Gestern wurde auf der Zeit-Konferenz „Schule und Bildung“ der Länderindikator 2017 der deutschen Telekom Stiftung vorgestellt. Dieser wurde vom Institut für Schulentwicklungsforschung der TU Dortmund erstellt. Ich will in diesen Blogbeitrag kurz und kritisch auf einige Ergebnisse dieser Studie und auch auf das Studiendesign eingehen.
Eigentlich wollte ich diesen Beitrag bereits gestern veröffentlichen, bin aber nicht mehr dazu gekommen, ihn fertig zu schreiben. In der ursprünglichen Version stand der Satz, dass die sich Ergebnisse hervorragend dafür eignen würden, diese politisch zu instrumentalisieren; vor allem, wenn man nicht in der Lage ist, die Ergebnisse kritisch und reflektiert zu lesen. Genau diese Befürchtung ist gestern noch direkt eingetreten als das Schulministerium NRW folgendes twitterte.
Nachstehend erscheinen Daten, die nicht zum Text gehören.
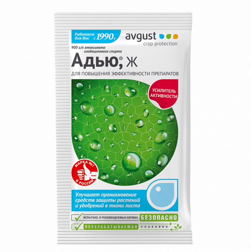 Avgust Адью – адъювант, усилитель активности гербицидов. Применяется для повышения эффективности препаратов. Препарат увеличивает проникающую способность препаратов, повышает эффективность пестицидов, способствует дождестойкости применяемых препаратов, предотвращает скатывание капель растворов с растений, листья которых густо опушены или покрыты восковым налётом.
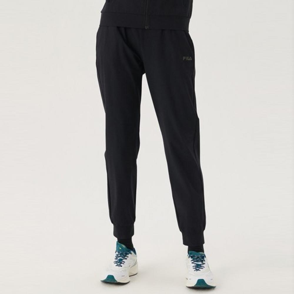 FILA Cooling Stretch Jogger Pants are women's training bottoms made from cooling material and feature stretch functionality. The fabric combines the advantages of woven and knit materials, providing excellent stretch and breathability. The jogger style offers a comfortable fit and length, and the color is black.

Wie komme ich darauf dem Schulministerium zu unterstellen mit den Ergebnissen nicht korrekt umzugehen. In meinen Augen liegt das Grundproblem im Studiendesign, denn es wurden reine quantitative Daten erhoben und dabei lediglich Selbsteinschätzungen der Lehrerin und Lehrer abgefragt. Dies bringt einige Probleme mit sich, wenn z.B. Grundbegriffe oder Grundverständnis nicht klar definiert sind. Lasst mich dies an zwei Beispielen deutlich machen. 69,8 % der Lehrerinnen und Lehrer glauben, dass Schülerinnen und Schüler grundlegende Computerkenntnisse bereits mit sich bringen. Hier könnte man schon konkret kritisieren, dass der Begriff „Computerkenntnisse“ problematisch ist, da er wie ein Begriff aus der Vergangenheit klingt. Die in der Studien angegebenen Indikatoren für Computerkenntnisse sind doch nur ein kleiner Teil der erforderlichen Medienkompetenzen im 21. Jahrhundert. Dieses Studienergebnis zeigt für mich, dass wir wieder einer Debatte führen müssen, die ich nie wieder führen wollte. Es geht um den Begriff „digital natives“. So wie dieser Begriff 2001 definiert wurde, ist er absolut nicht haltbar. Ich würde sogar noch eine ganze Ecke weiter gehen und den Begriff ins Reich der Mythen verbannen. Sowohl die Erfahrung als auch zahlreiche Befunden unterstützen dies. Dass dennoch fast 70 % der befragten Lehrkräfte ihre Schüler einschätzen, zeigt für mich, dass viele nicht wissen, welche Kompetenzen Schüler und Lehrer besitzen bzw. erwerben sollten. Darin zeigt sich das grundlegende Problem der Studie. Mit den reinen quantitativen Daten wissen wir nicht, wie wir die Selbsteinschätzung der Lehrerinnen und Lehrer richtig einordnen sollen.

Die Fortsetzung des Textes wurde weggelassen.